Dans la nuit de vendredi à samedi, l’Assemblée nationale a rejeté à la quasi-unanimité la première partie du budget de l’État pour 2026, entraînant la chute de l’ensemble du projet de loi de finances et la transmission du texte initial au Sénat dès la semaine prochaine. Seul un député a voté pour, 404 ont voté contre et plusieurs dizaines se sont abstenus, un scénario inédit sous la Ve République par son ampleur.
Depuis des semaines, les débats budgétaires opposaient frontalement le gouvernement et les oppositions autour de la fiscalité du patrimoine, des grandes entreprises et des hausses d’impôts envisagées. Les groupes de gauche, le Rassemblement national, Les Républicains et une majorité de députés Horizons annonçaient déjà qu’ils ne voteraient pas les recettes en l’état, malgré de nombreux amendements adoptés dans l’hémicycle.

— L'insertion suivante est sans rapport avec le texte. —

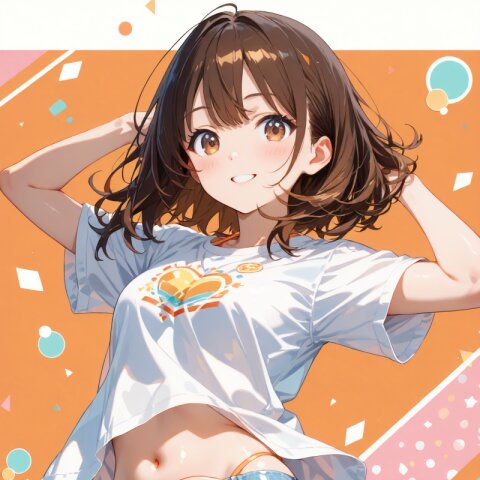 # イロミライ動画生成機能 FiaMix Illustriou版です 1girl, masterpiece,high resolution, best quality, detailed eyes, detailed eyelashes. natural makeup. medium hair, olive-brown hair, dark-brown eyes, upturned eyes. #このあたりに服のプロンプト入れてください。 small breast, shiny hair, clear skin. kawaii.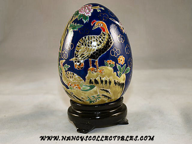 A beautiful porcelain cloissone egg. It is decorated with peacocks, butterflies, and flowers. It has a lapis blue background with pink flowers and gold. It is in excellent condition; no chips, cracks, or repairs. It is unmarked. It measures 4-1/4" tall; and approximately 3" wide. There are two available. Each is slightly dif- ferent. See pictures. Includes black lacquered stand.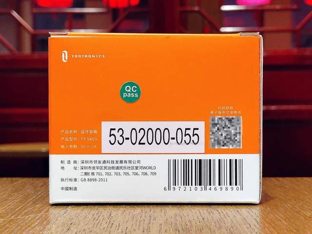 在包装的背面上,Taotronics吸盘式蓝牙音箱按国际惯例带来了相关的型号、厂牌、参数等的说明。但值得一提的是,作为海外著名品牌的Taotronics,现在回归国内市场,却在这里带来了电子版中文说明书,更加方便国人阅读使用。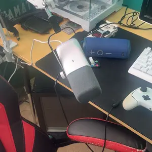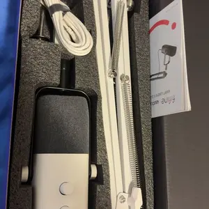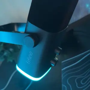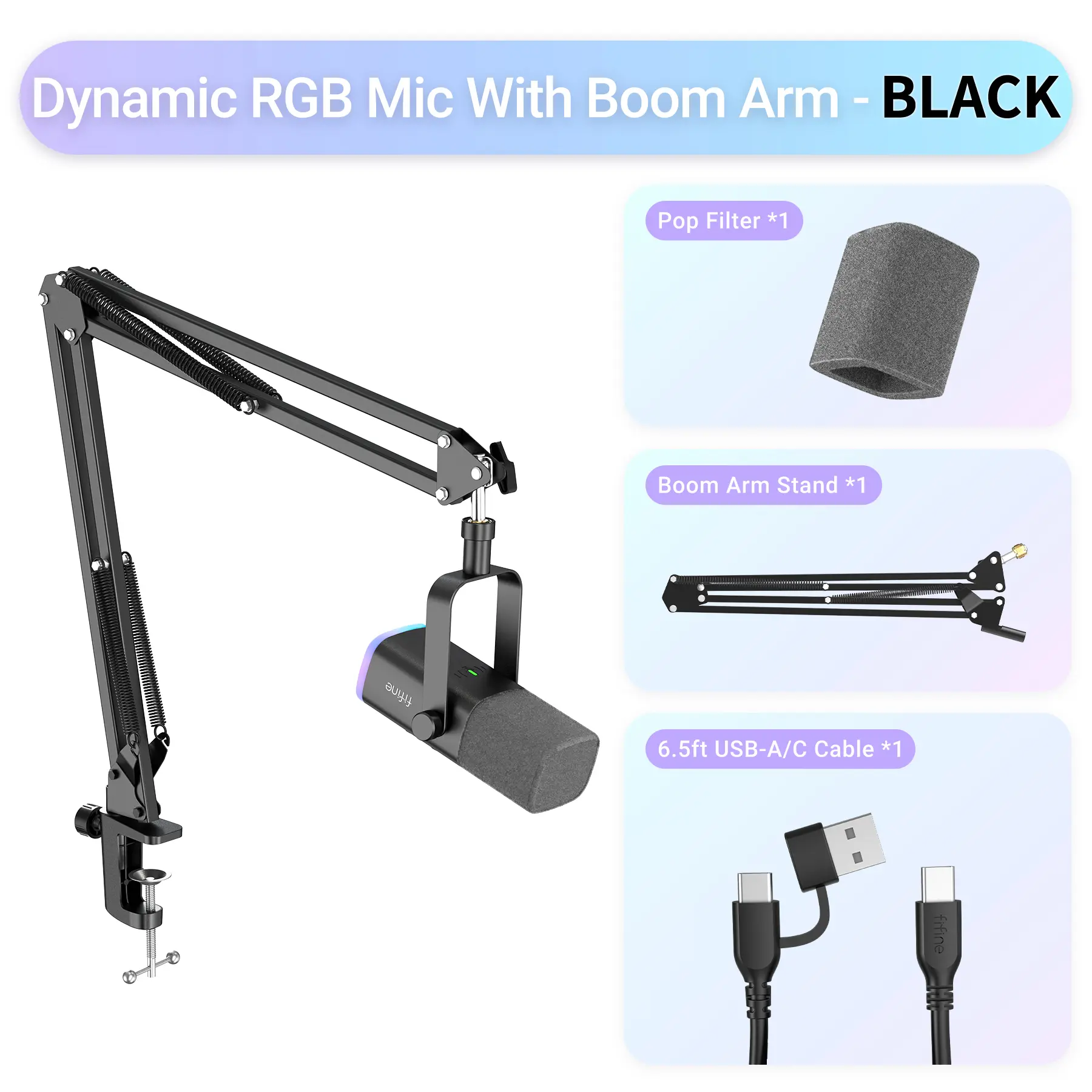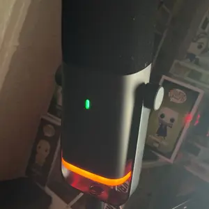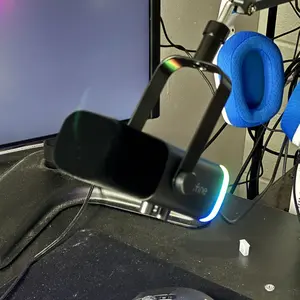 Includes a boom arm, tap-to-mute button, gain knob, and headphone jack with volume control.

En conséquence, tous les amendements votés à l’Assemblée sont annulés et c’est la copie d’octobre du gouvernement qui sera examinée par les sénateurs, avant un possible retour du texte devant les députés en décembre dans le cadre de la navette parlementaire. À Matignon, l’exécutif affirme encore vouloir arracher un compromis pour éviter, d’ici la fin de l’année, le recours à une loi spéciale destinée à garantir la continuité des finances publiques.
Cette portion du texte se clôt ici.